Repeat word for word the lines starting at the one with "O NUPEF em parceria" and ending at the final line of the material, both ends included; omit pictures.

**Data listing**.
- - - - - - -
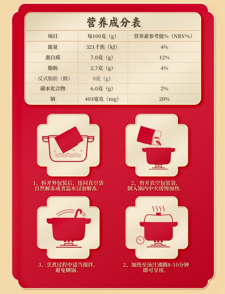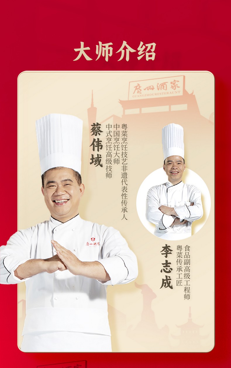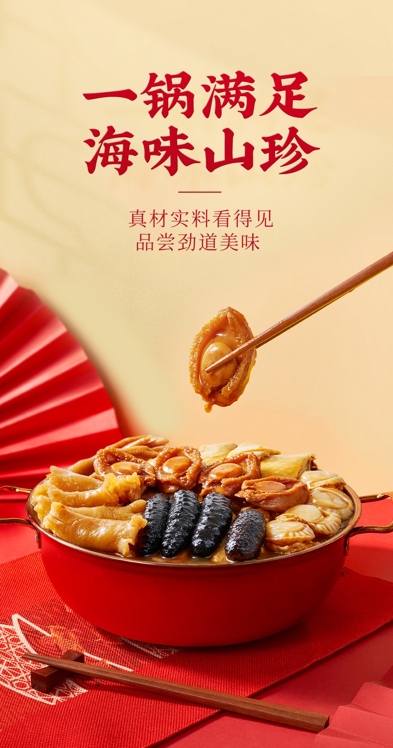 【广州酒家】海参(180-200头)、黄金鲍鱼(14-16克)、蟹鱼胶(30-40头)、帆立贝(40-60头)、卤鸭掌、鱼肉豆腐、三黄鸡肉、花菇仔、莲藕、鹰嘴豆、鲍汁
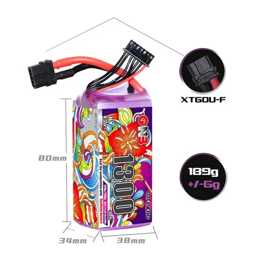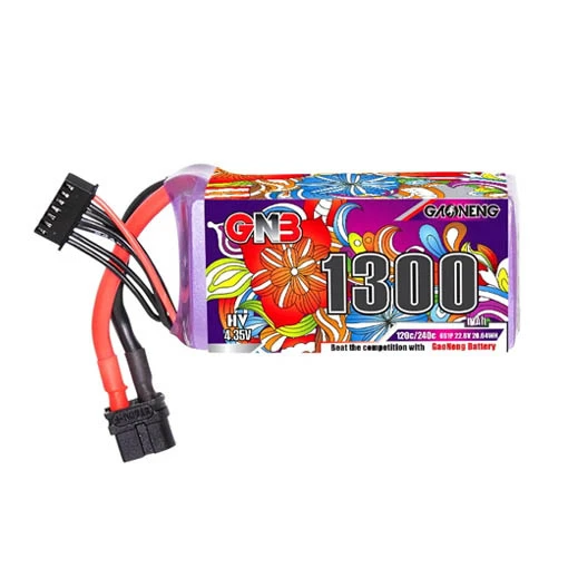 La batterie LiHV GaoNeng GNB dispose d’une capacité de 1 300 mAh et d’une tension de 6S. De dimensions de 34 x 38 x 80 mm avec un poids de 189 g, cette LiHV comporte aussi un taux de charge de 1 à 5C et un taux de décharge de 120C et de 240C en rafale. Elle possède un connecteur XT60 pour faciliter son branchement.
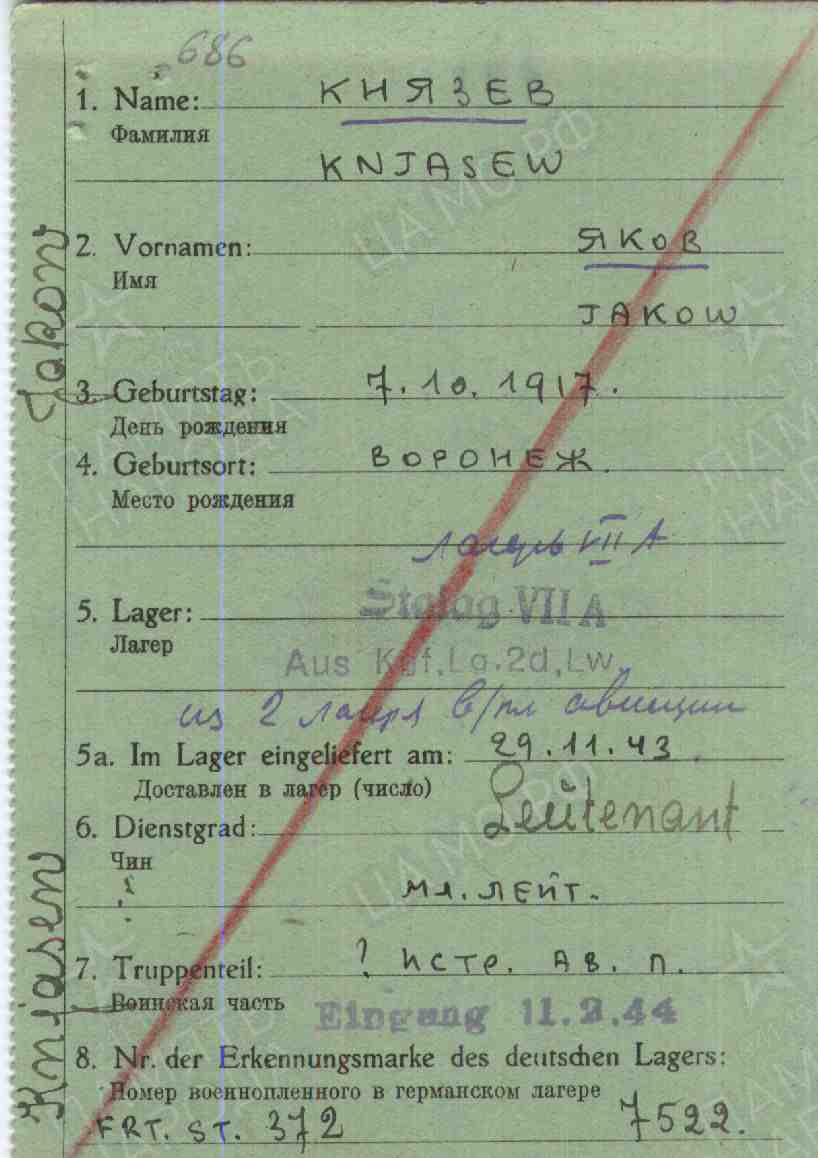 Фамилия Князев Имя Яков Отчество Иванович Дата рождения/Возраст 07.10.1917 Место рождения Воронежская обл., г. Воронеж Дата пленения 21.03.1943 Место пленения Ленинград Лагерь шталаг 372 Лагерный номер 7522 Судьба попал в плен Последнее место службы иап Воинское звание мл. лейтенант Название источника донесения ЦАМО
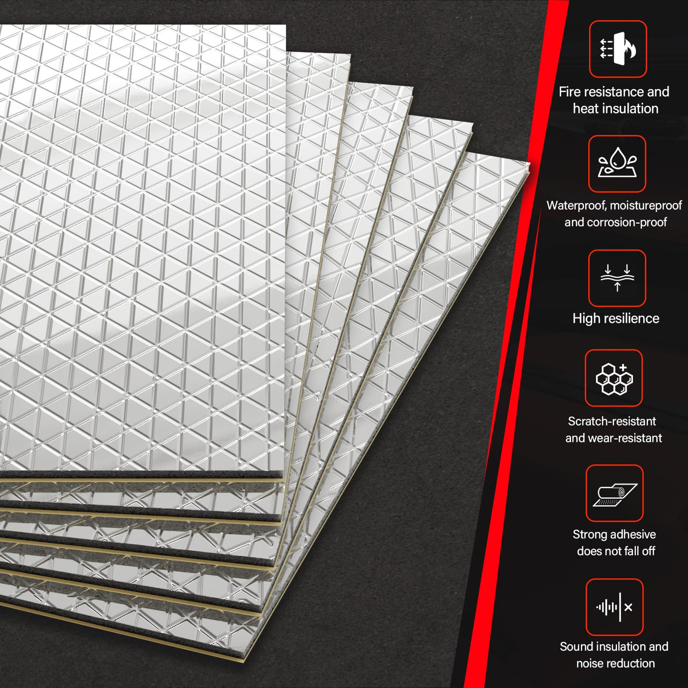 Q: What materials are used in the construction of the GOSCHE sound deadening mat?A: The GOSCHE sound deadening mat is made from a combination of PE and aluminum materials, designed to provide strong sound insulation and absorption performance, making it effective for creating a quieter driving environment.
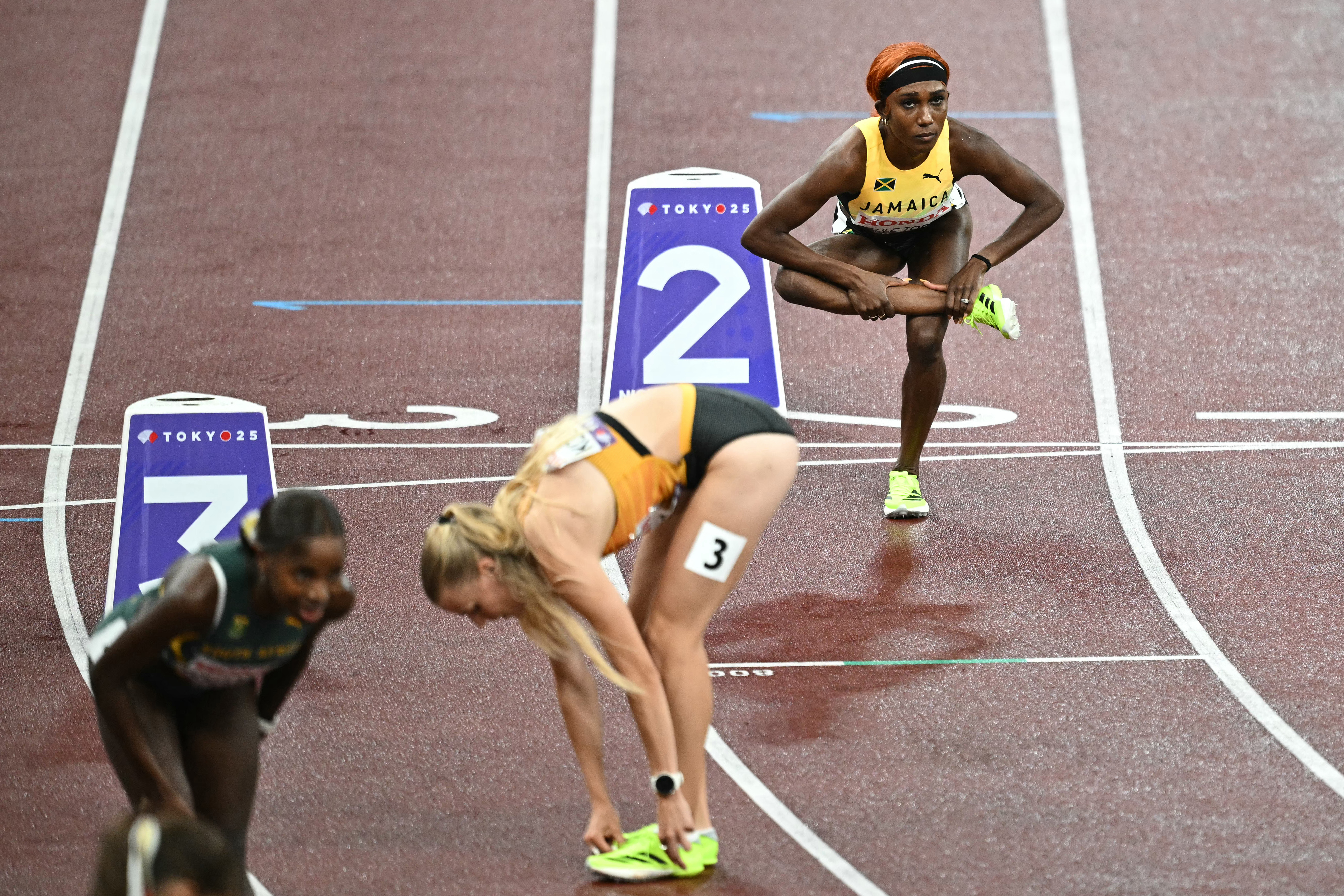 La jamaiquina Natoya Goule-Toppin (d), previo a competir en las eliminatorias de los 800 m femeninos durante el Campeonato Mundial de Atletismo, el 18 de setiembre, en Tokio. Foto: Philip Fong, AFP.
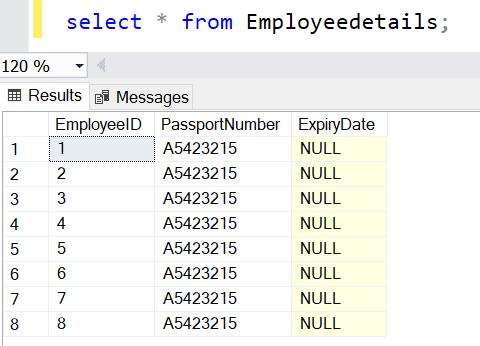Now, Select * from EmployeeDetails; will return the following result.
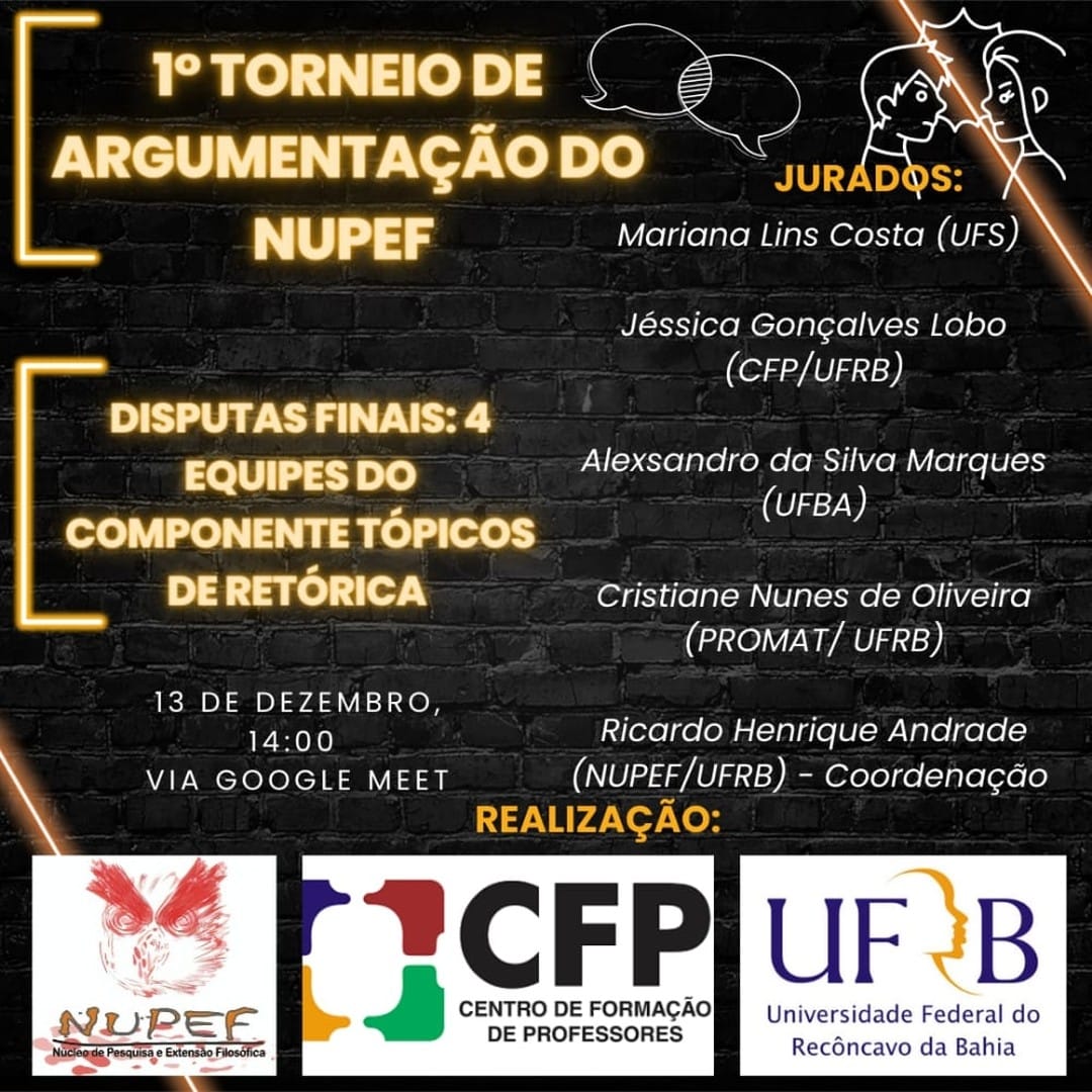 O NUPEF em parceria com o Componente curricular Tópicos de Retórica realizará o Primeiro Torneio de Retórica do NUPEF, com as partidas finais das equipes matriculadas.
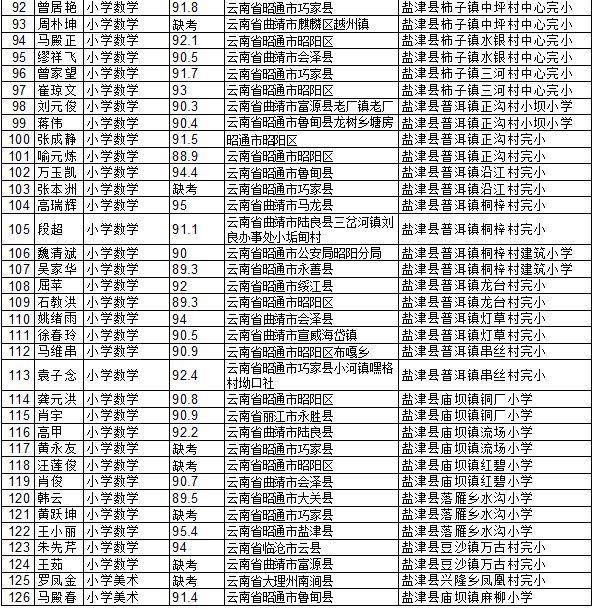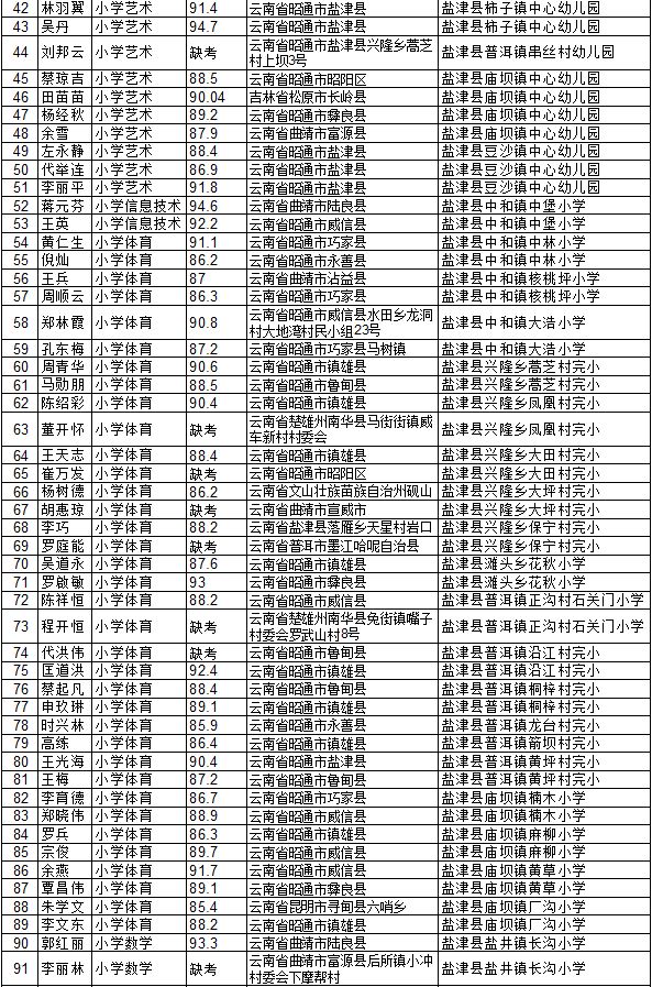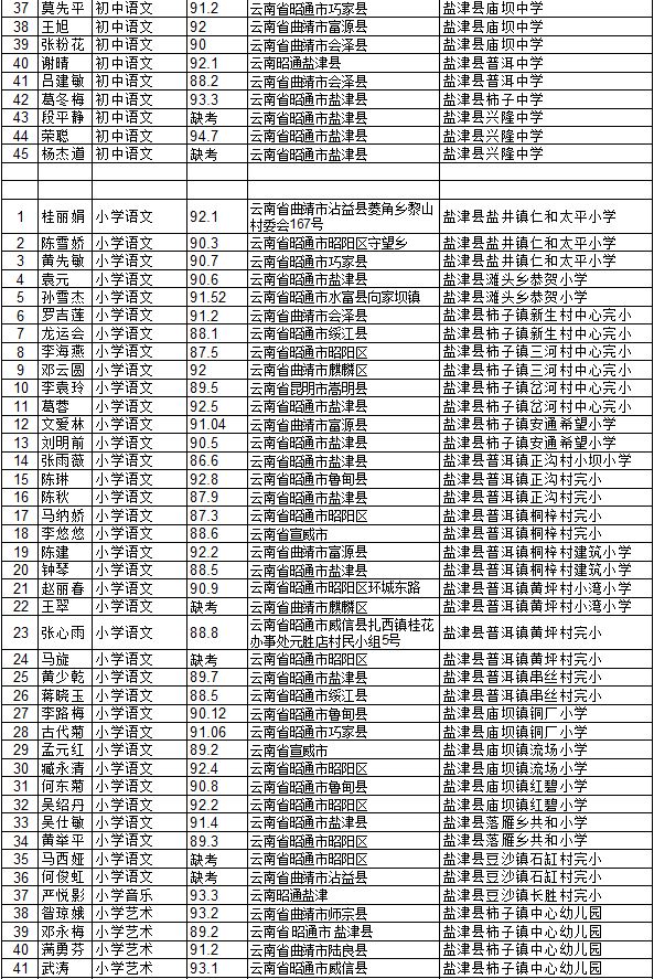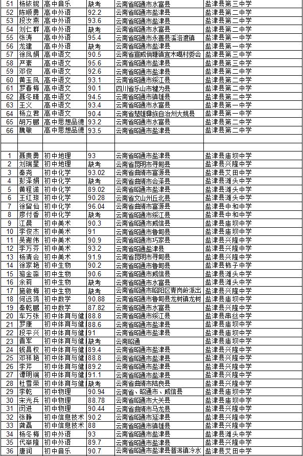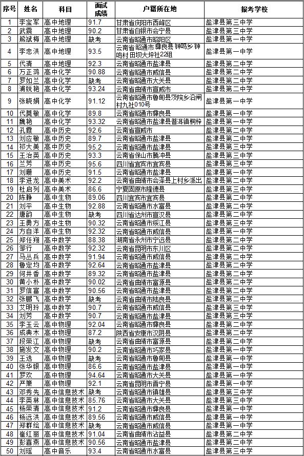 昭通市鹽津縣2014年特崗教師招聘面試成績(jī)公示
- - - - - - -
**Solution for this exercise**.
 O NUPEF em parceria com o Componente curricular Tópicos de Retórica realizará o Primeiro Torneio de Retórica do NUPEF, com as partidas finais das equipes matriculadas.
 昭通市鹽津縣2014年特崗教師招聘面試成績(jī)公示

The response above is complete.